We eventually found the marina at
Cat Cay and took a slip for the night.  We checked in with Bahamian customs, straightened up the boat a second time, and laundered all the clothing soaked with salt water during the crossing.  We went out to anchor the next night and prepared for the next leg of the journey.  At 5:00 a.m. the next morning as Bob was doing his pre-trip engine check, he discovered that the engine pulley was dangerously loose.  We weren't going anywhere.  He hailed Rainbow's End on Channel 16 and then switched to 17 to talk.  As Bob and Jerry were mulling over the problem, Random Way broke in.  Turns out that he was a marine mechanic and had the socket Bob needed to take the pulley off and try to repair it.  A 1 11/16 inch socket is huge and not easy to come by.  We later learned that Random Way thought he knew Rainbow's End but it was a case of mistaken identity.  What luck!  After Bob got the pulley off the engine, he was able to use Marine-Tex, a type of epoxy, and put the parts back together.  We'll have to get another pulley, but we have made it to Georgetown where we'll hopefully be able to order it from Ft. Lauderdale, along with so many other things we now realize we should have bought!  It is truly impossible to anticipate all crises, no matter how hard you try to prepare.  The great thing is how helpful other cruisers are along the way.
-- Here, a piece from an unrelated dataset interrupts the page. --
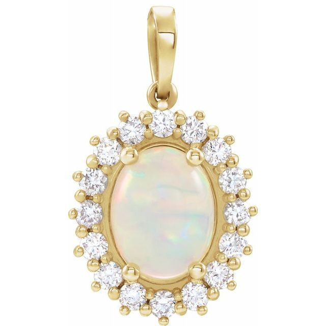 This beautiful 14 Karat Yellow Gold Ethiopian Opal & 1/3 Carat Diamond Pendant - Exquisite Oval Opal Pendant is a timeless jewelry item made in the highest standards for Gemstone Fashion jewelry

Although cruising is an independent way of life where you need to be able to do most things for yourself, there is yet a willingness to reach out and help others.  We have experienced it time and again.

From Cat Cay, we went to
Chubb Cay.  Sam and Jerry were having electrical problems and went into the marina to charge their batteries.   We anchored out.  The wind picked up and Sam and Jerry decided to stay another night.  We intended to stay at anchor, but the boat was rocking and rolling furiously and we were concerned that at low tide, the boat would be bouncing on the bottom, so we decided to take a slip.  Getting into the marina channel was no problem, but getting into the slip was another matter.  We were directed to a space between two huge ocean cruisers on the end of two docks.  As Bob made the turn, our inflatable dinghy scraped a huge anchor extended off the bow of one of the boats.  Fortunately it didn't puncture our dinghy.  The wind direction forced us to change direction and head into a different slip.  Nice people on the docks were there to catch our lines.  Chubb Cay was a friendly place, much more laid back than the pretentious snooty people at Cat Cay who were having a croquet tournament on New Year's Day and never lowered their noses to speak. The next morning, the wind had shifted and damn if we didn't have the problem in reverse trying to get out of the slip.  Fortunately, one of the big boats had left so we didn't have their anchor to worry about, but we couldn't get enough way to back out of the slip and make the turn.  After several unsuccessful attempts, a runabout with a good engine grabbed our line and pulled us backwards out of the slip and into the channel so we could have enough room to build some speed and maneuver on our own.